There are two things we need to know in order to load the data:
The bike counters are specified with their own special naming system. This means their names are things like "ECO09113499" or "U15G3104442". Not exactly human friendly. It makes sense though as the counters themselves have been in use for many years during which they might have been moved from one location to another. We will focus on a counter that has been placed at Mythenquai for a long time. It is named: "ECO09113499". To find out what counters at other locations are called visit: XXX and check when they were located where.
Now that we know the name of the counter and the time period, let's finally load the data (if it looks like nothing is happening it is because this can take a while to fetch the data).
mythenquai = get_velo_data('ECO09113499', year=2015)
To see what our data looks like we can examine the first five rows of it using:
You can probably see why it makes sense to think of dataframes as excel spreadsheets. They both have rows and columns. In this dataset each row is one 15minute period. The columns "Velo_in" and "Velo_out" are the number of bikes that went in each direction. For this particular counter "Velo_in" counts how many bikes are going north, or towards the city center of Zurich. "Velo_out" counts the bikes going south. The column "Total" shows the sum of the two other columns.
To make it a bit easier to think about our data let's rename the first two columns to: "North" and "South":
# rename for easier plotting mythenquai.columns = ["North", "South", "Total"] mythenquai.head(5)
Now that we have the data, let's find out when people cycle past Mythenquai!

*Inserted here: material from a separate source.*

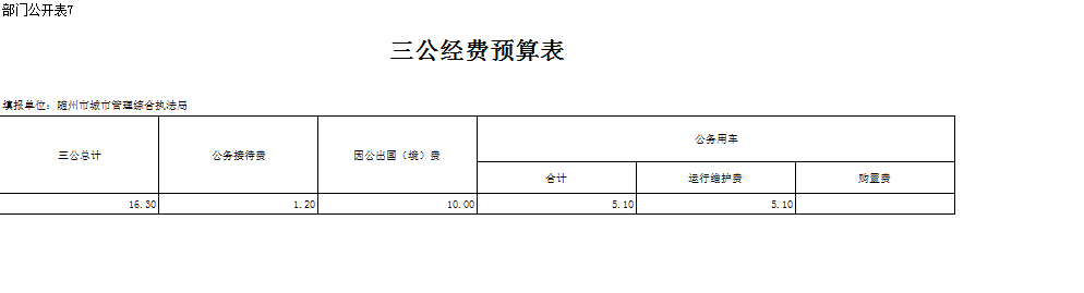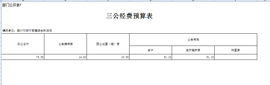 2018年城管局系統“三公”經費75.30萬元,其中公務接待費14.20萬元,比上年減少2.2萬元,同比減少了18.3%,主要是單位嚴格按公務接標準接待,嚴格控制接待。因公出國費10萬元,與上年持平,原因是領導有可能要參加政府組織的出國考察活動;公務用車運行維護費51.10萬元,比上年增加5.5萬元,同比增加了12%,因為車輛老化,維修費用增加。本年沒有購置新車。
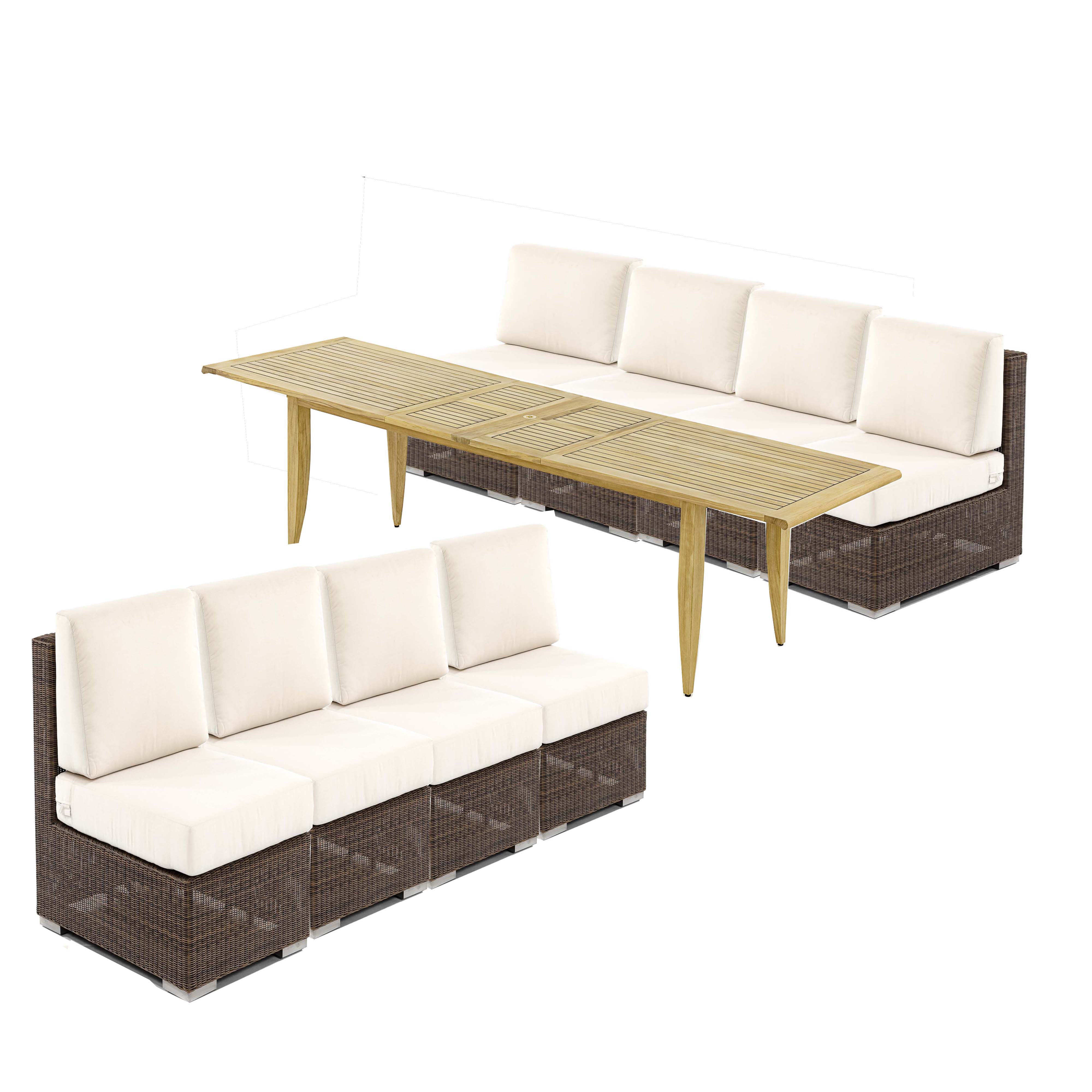 Plush, deep cushions atop clean-lined Woven Wicker frames give the impression of visual lightness of the Malaga Slipper Chair accents the entire Malaga Collection by providing additional seating to this already luxurious group. Plush deep seating cushions sit atop a minimal, but extremely sturdy Wicker Woven frame, giving an impression of visual lightness. The set includes a beautifully crafted dining table which is extendable from 101.5” to 133” (> 11ft). Designed to accommodate up to 14, the 36” narrower table width allows for more congenial gatherings in mind, with family and friends, in large or smaller settings. This set creates a perfect size for cozy dining with someone special.

To get started let's look at the total number of bikes that go north and south each week. As our data gives the number of bikes counted in each 15m period we need to sum those in the same week to get the total count for a day. In pandas you can do this with the
resample function which combines entries according to the rule you specify as the argument. For weekly use 'W', for daily use 'D', and for hourly use 'H', etc. Once that is done, plotting is easy: we call the
plot function of the dataframe.
weekly = mythenquai.resample('W').sum()
Can you modify the example above from showing results per Week to instead showing the number of cyclists per Day?
# what needs to be on the right of the eqaul sign on the next line? # check the weekly example above for inspiration daily = daily.plot();
We can see that the total number of cyclists increases over the months, presumably as the weather gets better. Then after some time in September it drops back down as autumn approaches. There seems to be a pattern of a week with more cyclists followed by a low one which repeats. It would be interesting to look at what causes this.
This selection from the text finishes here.